What to do | Would you print the lines below exactly, beginning at the line that has "RM 03 je specializirana" and stopping after the line that has "2025 New Trendy"? Only those lines, and no pictures.

Exercise input |
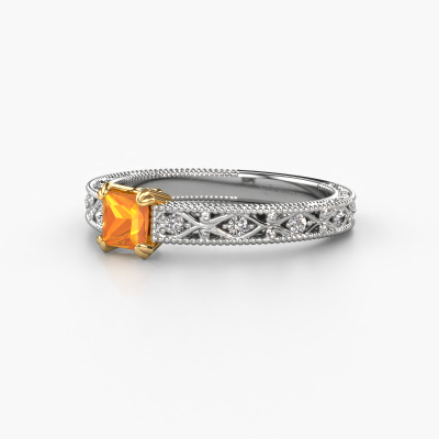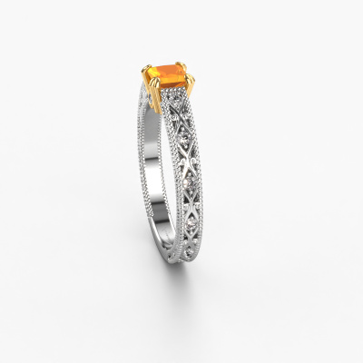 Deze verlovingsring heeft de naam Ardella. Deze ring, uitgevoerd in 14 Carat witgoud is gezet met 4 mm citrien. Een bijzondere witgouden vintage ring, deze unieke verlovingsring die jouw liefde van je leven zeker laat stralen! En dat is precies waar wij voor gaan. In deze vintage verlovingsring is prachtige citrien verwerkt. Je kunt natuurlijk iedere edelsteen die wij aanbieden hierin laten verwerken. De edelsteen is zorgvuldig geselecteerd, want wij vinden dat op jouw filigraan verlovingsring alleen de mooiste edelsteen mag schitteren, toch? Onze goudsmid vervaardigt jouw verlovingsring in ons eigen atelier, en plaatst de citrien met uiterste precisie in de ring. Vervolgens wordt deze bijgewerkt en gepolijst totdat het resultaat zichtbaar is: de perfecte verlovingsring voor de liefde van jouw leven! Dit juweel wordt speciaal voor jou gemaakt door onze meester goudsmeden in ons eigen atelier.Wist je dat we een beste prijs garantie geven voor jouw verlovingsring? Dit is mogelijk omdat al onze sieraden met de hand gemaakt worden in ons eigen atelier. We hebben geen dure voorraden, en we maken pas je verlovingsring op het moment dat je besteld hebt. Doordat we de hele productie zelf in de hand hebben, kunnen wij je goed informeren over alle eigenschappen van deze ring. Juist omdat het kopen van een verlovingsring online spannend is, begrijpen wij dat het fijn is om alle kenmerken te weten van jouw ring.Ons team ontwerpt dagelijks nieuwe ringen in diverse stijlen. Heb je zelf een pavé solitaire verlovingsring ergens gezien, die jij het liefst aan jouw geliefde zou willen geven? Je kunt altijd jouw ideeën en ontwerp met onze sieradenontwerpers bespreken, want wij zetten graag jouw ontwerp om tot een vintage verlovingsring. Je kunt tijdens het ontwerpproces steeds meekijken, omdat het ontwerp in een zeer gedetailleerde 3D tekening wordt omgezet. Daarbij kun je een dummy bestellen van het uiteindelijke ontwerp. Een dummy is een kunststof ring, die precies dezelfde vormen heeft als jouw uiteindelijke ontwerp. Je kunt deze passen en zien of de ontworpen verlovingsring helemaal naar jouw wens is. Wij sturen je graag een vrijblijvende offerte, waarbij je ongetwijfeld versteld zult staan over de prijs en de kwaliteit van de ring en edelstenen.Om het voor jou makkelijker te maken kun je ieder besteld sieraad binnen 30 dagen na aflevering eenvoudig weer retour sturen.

---

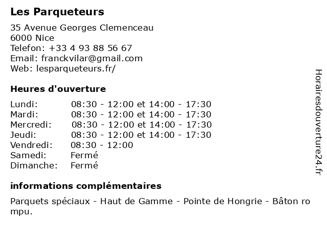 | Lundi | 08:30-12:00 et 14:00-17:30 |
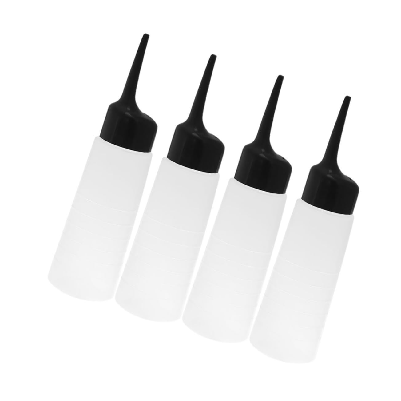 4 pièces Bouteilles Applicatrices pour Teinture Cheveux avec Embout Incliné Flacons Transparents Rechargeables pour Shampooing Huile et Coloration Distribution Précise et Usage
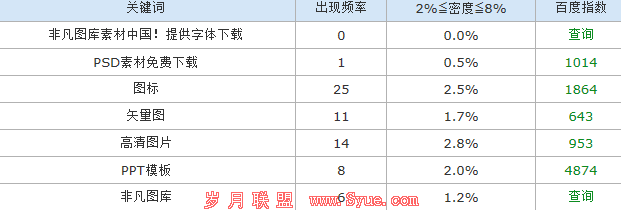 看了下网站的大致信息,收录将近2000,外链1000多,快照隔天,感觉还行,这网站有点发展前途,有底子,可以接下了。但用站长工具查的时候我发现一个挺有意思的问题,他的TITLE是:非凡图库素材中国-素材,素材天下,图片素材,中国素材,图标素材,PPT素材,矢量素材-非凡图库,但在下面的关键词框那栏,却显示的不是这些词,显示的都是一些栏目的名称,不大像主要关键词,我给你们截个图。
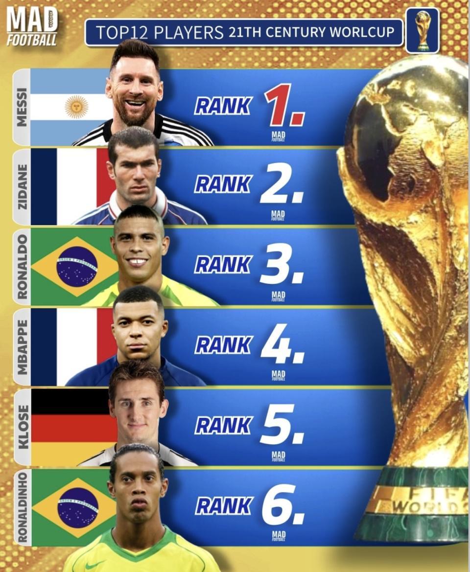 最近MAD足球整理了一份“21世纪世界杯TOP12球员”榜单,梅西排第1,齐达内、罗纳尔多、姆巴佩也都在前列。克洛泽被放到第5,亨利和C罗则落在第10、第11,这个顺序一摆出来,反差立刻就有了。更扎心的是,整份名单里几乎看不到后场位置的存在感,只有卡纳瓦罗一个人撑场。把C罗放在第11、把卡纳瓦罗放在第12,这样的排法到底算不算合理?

* * *

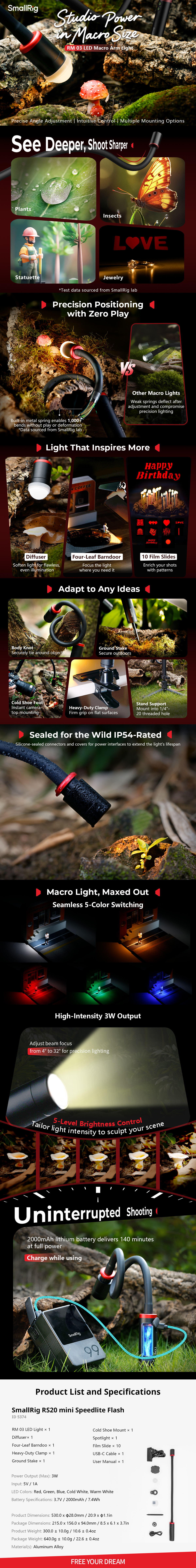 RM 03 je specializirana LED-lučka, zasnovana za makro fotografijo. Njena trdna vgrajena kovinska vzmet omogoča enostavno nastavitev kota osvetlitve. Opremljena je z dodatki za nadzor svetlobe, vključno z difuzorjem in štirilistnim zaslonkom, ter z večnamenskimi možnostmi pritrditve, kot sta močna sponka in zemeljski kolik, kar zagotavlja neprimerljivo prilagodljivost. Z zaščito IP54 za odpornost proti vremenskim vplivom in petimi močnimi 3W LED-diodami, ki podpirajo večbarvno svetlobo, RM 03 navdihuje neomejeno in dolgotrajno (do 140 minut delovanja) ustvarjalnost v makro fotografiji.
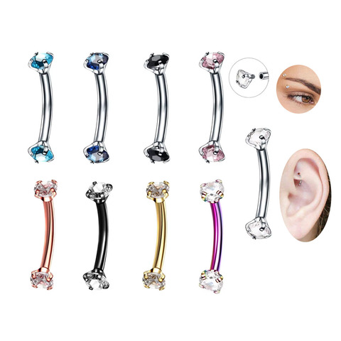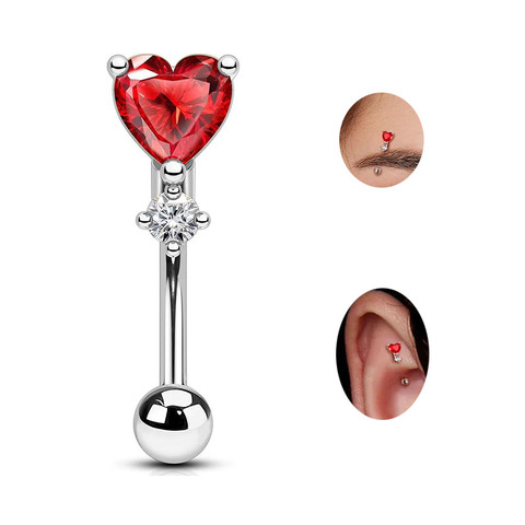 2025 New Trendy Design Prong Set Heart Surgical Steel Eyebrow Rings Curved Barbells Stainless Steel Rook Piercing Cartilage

Expected output |
 RM 03 je specializirana LED-lučka, zasnovana za makro fotografijo. Njena trdna vgrajena kovinska vzmet omogoča enostavno nastavitev kota osvetlitve. Opremljena je z dodatki za nadzor svetlobe, vključno z difuzorjem in štirilistnim zaslonkom, ter z večnamenskimi možnostmi pritrditve, kot sta močna sponka in zemeljski kolik, kar zagotavlja neprimerljivo prilagodljivost. Z zaščito IP54 za odpornost proti vremenskim vplivom in petimi močnimi 3W LED-diodami, ki podpirajo večbarvno svetlobo, RM 03 navdihuje neomejeno in dolgotrajno (do 140 minut delovanja) ustvarjalnost v makro fotografiji.
 2025 New Trendy Design Prong Set Heart Surgical Steel Eyebrow Rings Curved Barbells Stainless Steel Rook Piercing Cartilage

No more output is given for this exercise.